The Last Stand Review

Dir: Kim Jee-woon (A Tale of Two Sisters, The Good the Bad the Weird, I Saw the Devil)

Cast: Arnold Schwarzenegger, Forest Whitaker, Peter Stormare, Eduardo Noreiga, Luis Guzman, Jaimie Alexander, Johnny Knoxville, Rodrigo Santoro

Synopsis: The leader of a drug cartel busts out of a courthouse and speeds to the Mexican border, where the only thing in his path is a sheriff and his inexperienced staff.

 

It’s been about ten years since we’ve seen Arnold lead a movie (his roles in The Expendables are really cameos) so it’s understandable that there would be some hesitation about seeing Arnold Schwarzenegger, now 65, trying to reclaim his action hero title with this. And while there is no denying he’s pretty rusty at many points, The Last Stand still manages to deliver exactly what you would suspect in a Arnold action movie.

 

Schwarzenegger plays Ray Owens, a former LAPD narcotics officer who left after an incident to become the sheriff of the sleepy New Mexico border town of Summerton Junction. As you expect with a small town nothing really much happens there, but that’s about to change. In a bit of Western fashion, the villain is headed their way and it’s up to the sheriff and his deputies to stop him and protect their town.

 

That bad guy is notorious drug lord Gabriel Cortez (Noriega), who escapes from FBI custody and is making his way towards the Mexican border in a specialized Corvette ZR1 (aka one of the fastest cars on the planet).
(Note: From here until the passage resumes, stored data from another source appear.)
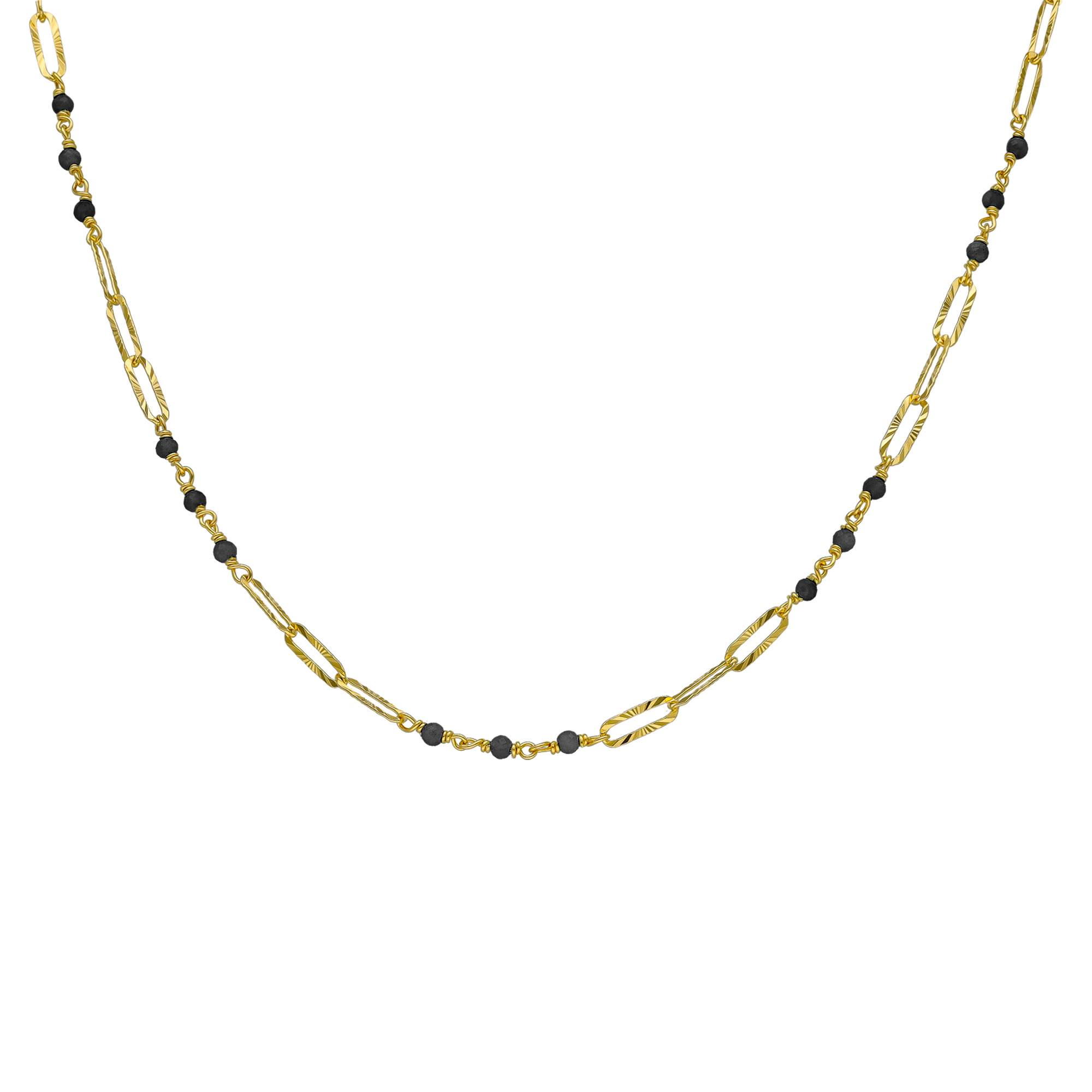 Collier argent doré maillon pierre spinelle noir
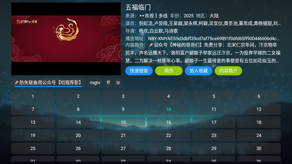 1、接着任意选择一部喜欢的剧集播放,这里以“五福临门”为例。
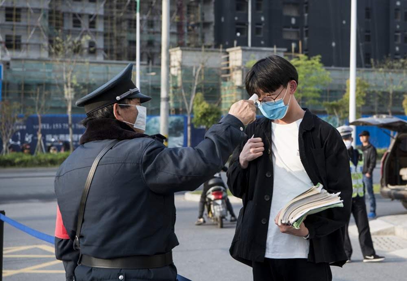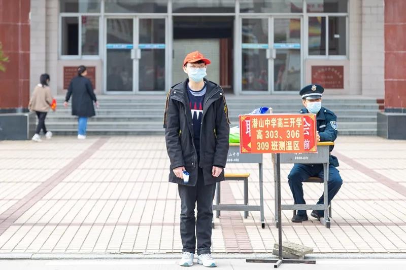 在野寨中學(xué),教職工和學(xué)生志愿者上午6點半就開始到崗,保障高三學(xué)生開學(xué)復(fù)課工作,所有學(xué)生通過“紅外線測溫儀”檢測體溫才能進(jìn)入學(xué)校。
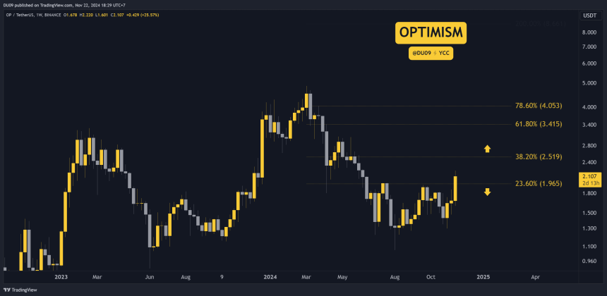 Optimism broke above $2, which was a key resistance, and the price is up by 34% this week. This strong performance is a major signal to the market that OP is ready for higher levels after it just left its long consolidation since June 2024.
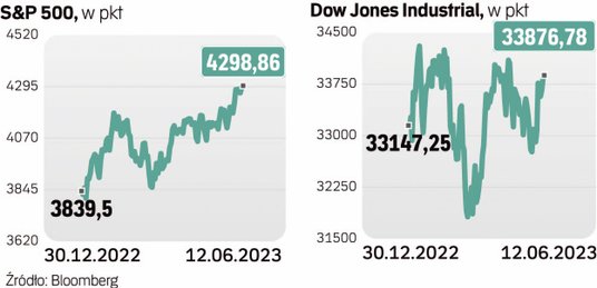 S&P 500 oficjalnie wszedł w zeszłym tygodniu w rynek „byka”, zyskując od październikowego dołka ponad 20 proc. Wcześniej zrobiły to już m.in. Dow Jones Industrial, Nasdaq Composite i Russell 2000. Nadchodzące dni będą jednak dużym testem dla amerykańskiego i globalnego rynku akcji. We wtorek na nastroje inwestorów mogą mocno wpłynąć dane o inflacji konsumenckiej w USA. Średnio prognozowane jest jej wyhamowanie z 4,9 proc. w kwietniu do 4 proc. w maju, a inflacji bazowej (czyli nieobejmującej zmian cen żywności, paliw i energii) – z 5,5 proc. do 5,3 proc.
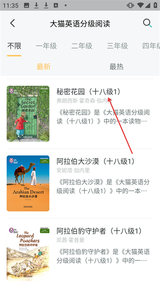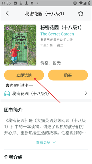 3、在大猫英语分级阅读列表中,点击《秘密花园(十八级1)》,进入其详情页进行试读或购买操作。
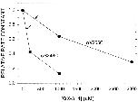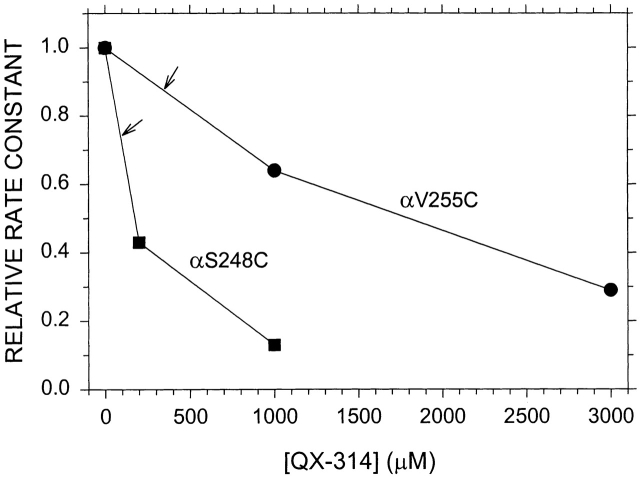 Figure 7. The dependence of protection on blocker concentration. The rate constant for the reaction of MTSEA in the presence of ACh at 10× EC50 and of the indicated concentration of QX-314 is divided by the rate constant in the presence of ACh but absence of QX-314. The mutants are αV255C (•) and αS248C (▪). The arrows mark the interpolated values of the relative rate constants at the IC50s for QX-314 inhibition of the ACh-induced current (Table I).
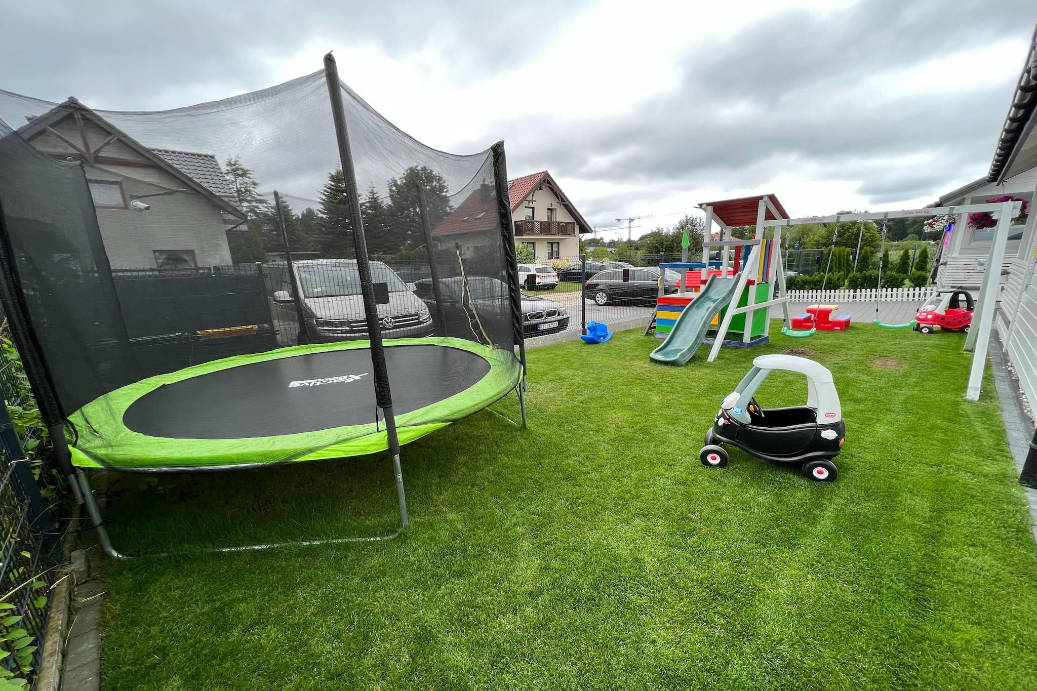 Et intimt feriested (kun 7 feriehus) ligger på et godt vedlikeholdt, inngjerdet område, i et stille, fredelig område, men svært nær sentrum av feriestedet. Noen få skritt til stor butikk, restaurant og kafé. Det er bare litt over 400 meter til den vakre strandstranden.En annen attraksjon er den lokale Bukowo-innsjøen med utleie av vannutstyr. Et en-etasjes, komfortabelt feriehus består av en stue med kjøkkenkrok, 2 separate soverom og et bad med dusj. Stuen har en 2-seters sofa, TV og bord med stoler. I det ene soverommet er det en dobbeltseng, i det andre soverommet er det en køyeseng (3-person - 2-manns seng nede, 1 person oppe). Hytta er utstyrt med klimaanlegg med varme- og kjølefunksjon. Trådløst internett er tilgjengelig. Parkeringsplass rett foran hytta. Ferieanlegget har en attraktiv lekeplass for barn. Prisen for oppholdet inkluderer: sengetøy, vannforbruk, klimaanlegg, internett, parkering, sluttrengjøring. Attraksjoner i nærheten: Områdets største attraksjon er rene, brede og urørte strender som strekker seg fra Dabkowice i vest, gjennom kurstedene Dabki, Bobolin, Darlówko, til ferielandsbyen Wicie i øst. De oppmuntrer til sunne turer og bekymringsløs soling. En sykkelsti går langs hele denne kysten, takket være den kan du enkelt komme deg til og besøke de nærliggende kystbyene. Det er også Lake Bukowo i nærheten - et virkelig paradis for seilere og windsurfing-entusiaster. Ved innsjøen er det leie av vannutstyr og til og med en liten strand. I nærheten av feriestedet er det også en hestegård, som inviterer rideentusiaster til å ri i paddocken og ri i marka. I nabolandet Bobolin er det også en mystisk attraksjon, som er de lokale bunkerne, rester av andre verdenskrig.
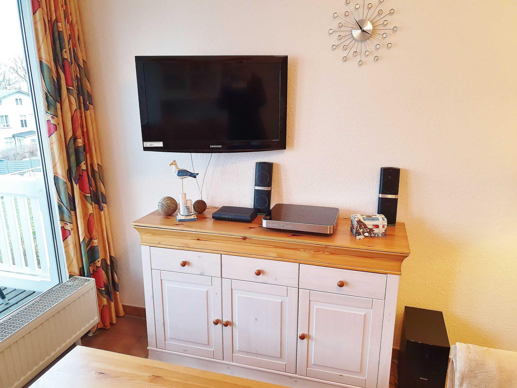 * Wohnbereich mit Couch, Couchtisch,TV sowie eine Home-Cinema-Anlage (CD+DVD)
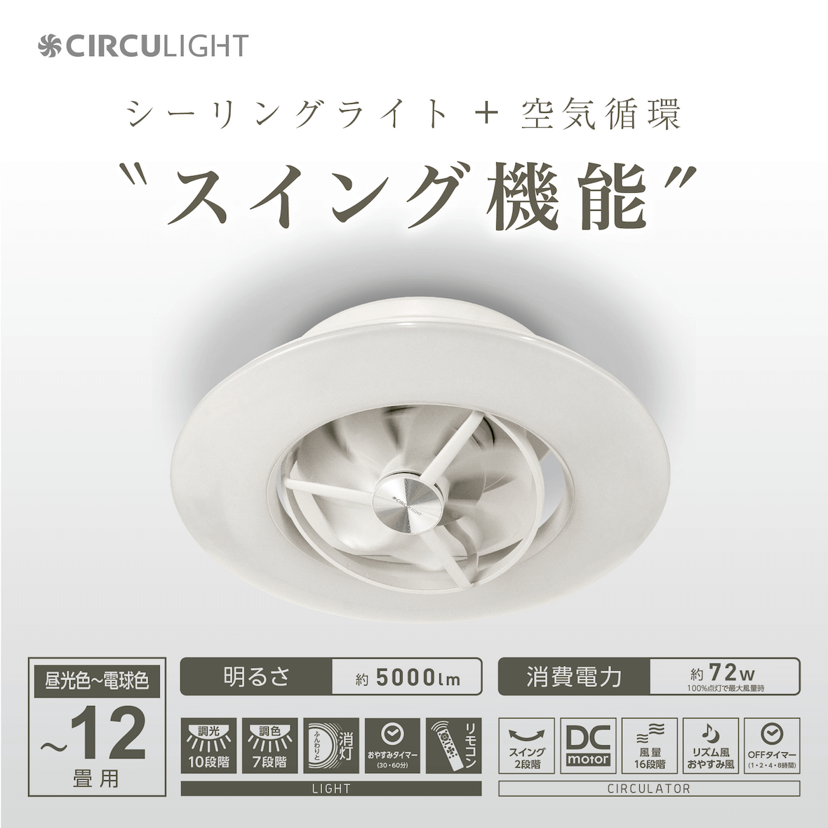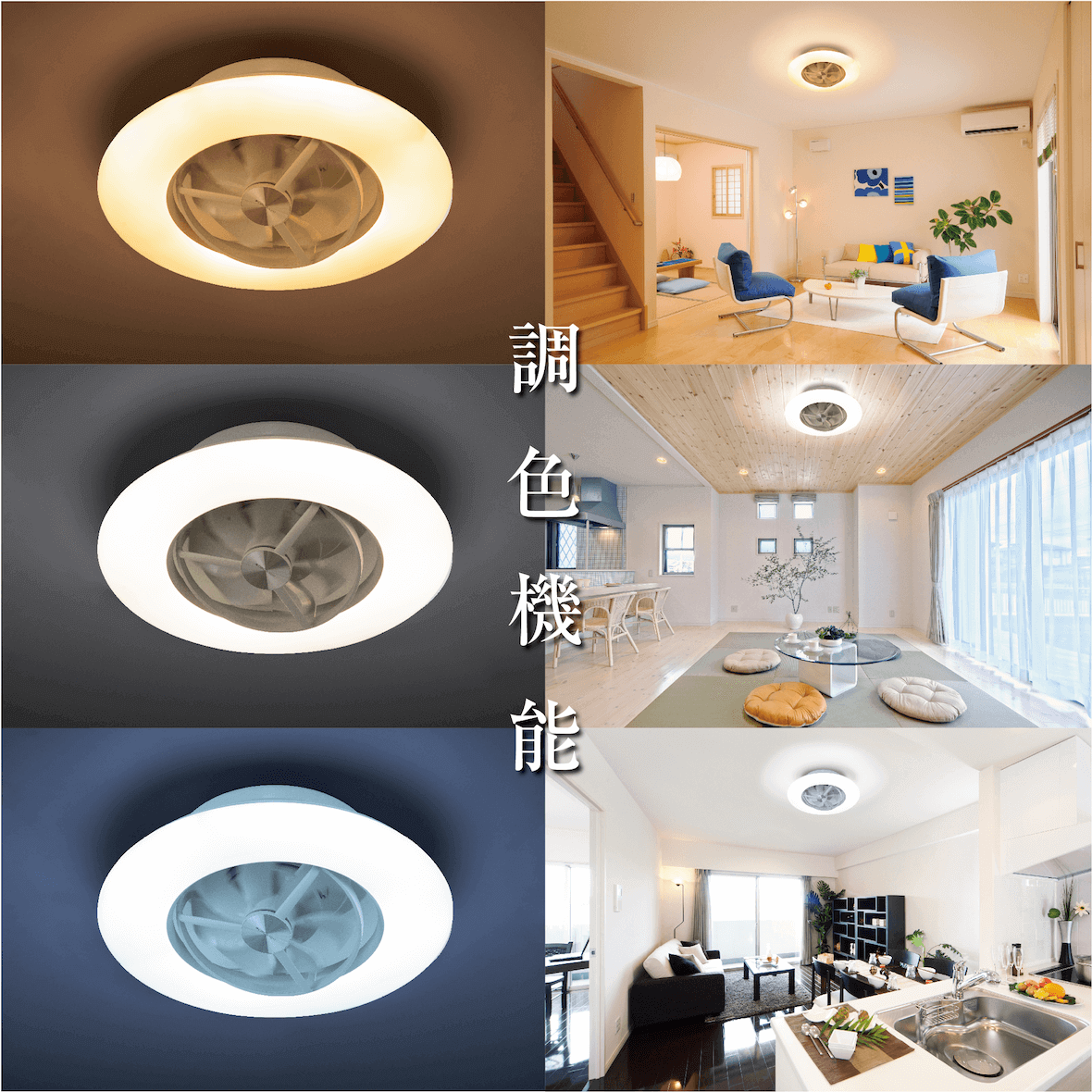 ウォークインクローゼット、トイレ、洗面室、内玄関など床にサーキュレーターを置くには狭い場所でも天井に取り付ければ場所も取らずに室内空気を循環します。昼光色タイプと電球色タイプが選べます。
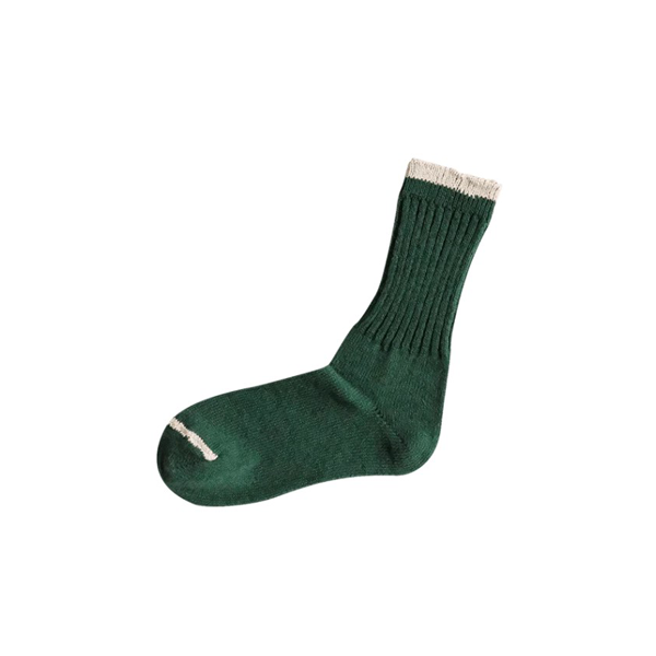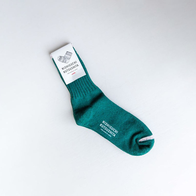 Eco-silk and recycled cotton are blended to create these soft and impressionable socks. The extra fine cotton fibers called virgin cotton that remain after yarn is produced and ran it through a specialized spinning machine. In addition, Nishigushi combined this special yarn with silk thread. Enjoy both the smooth texture of silk and the softness of cotton. These crew-type socks are fluffy and comfy — ideal to wear from spring to summer. The silk absorbs sweat leaving the feet to indulge in the smooth texture of the material.

The FBI task force boss Agent Bannister (Whitaker) thinks it’s a slim chance that Cortez will pass through Summerton, but there would be no movie if he were correct.

 

The rest of the cast is rounded up by Luis Guzman who plays pretty much one of the sidekicks. Jaimie Alexander (Thor) holds her own being the only real female role in the movie. Rodrigo Santoro (300) plays someone that has connections to Alexander’s character and gets a shot at redemption by helping out the crew. Peter Stormare plays his typical bad-guy role as one of Cortez’s henchman. Then there is Johnny Knoxville as the village idiot and weapons museum curator whose odd collection of weapons helps our outnumbered and outgunned heroes to save the day. He may be there as the movie’s comic relief, but its Arnold who actually gets the best funny lines (and of course his classic one liners)

 

As I mentioned before, Schwarzenegger has a little rust but the movie plays up that he’s getting older, perhaps not as much as The Expendables 2 did but it’s still there. Arnold is still physically imposing which helps him pass the action hero role still. Eduardo Noreiga plays kind of the cheesy movie villain giving weird and almost over dramatic performance while Whitaker tries to make his character seem more interesting than he really is. He’s really just there to provide exposition about the bad guy and to create a push and shove relationship with his character and Arnold’s small town lawman.

 

However, for me one of the stand outs was director Kim Jee-woon who makes his stateside debut with The Last Stand and manages, at least from what I noticed, to avoid some mistakes that some foreign filmmakers make on their first big Hollywood movies. He understands exactly what kind of movie he’s been hired to make, yet he manages to compose a few artfully staged action set-pieces, some of which involve Cortez’s corvette and some of the shootouts.

 

All in all, while The Last Stand is not going to win any awards for acting, it had some brief good acting scenes, it’s probably not the reason you’re really watching this movie. It’s still a ton of fun to watch and seeing Arnold back on the big screen leading a movie isn’t too bad either.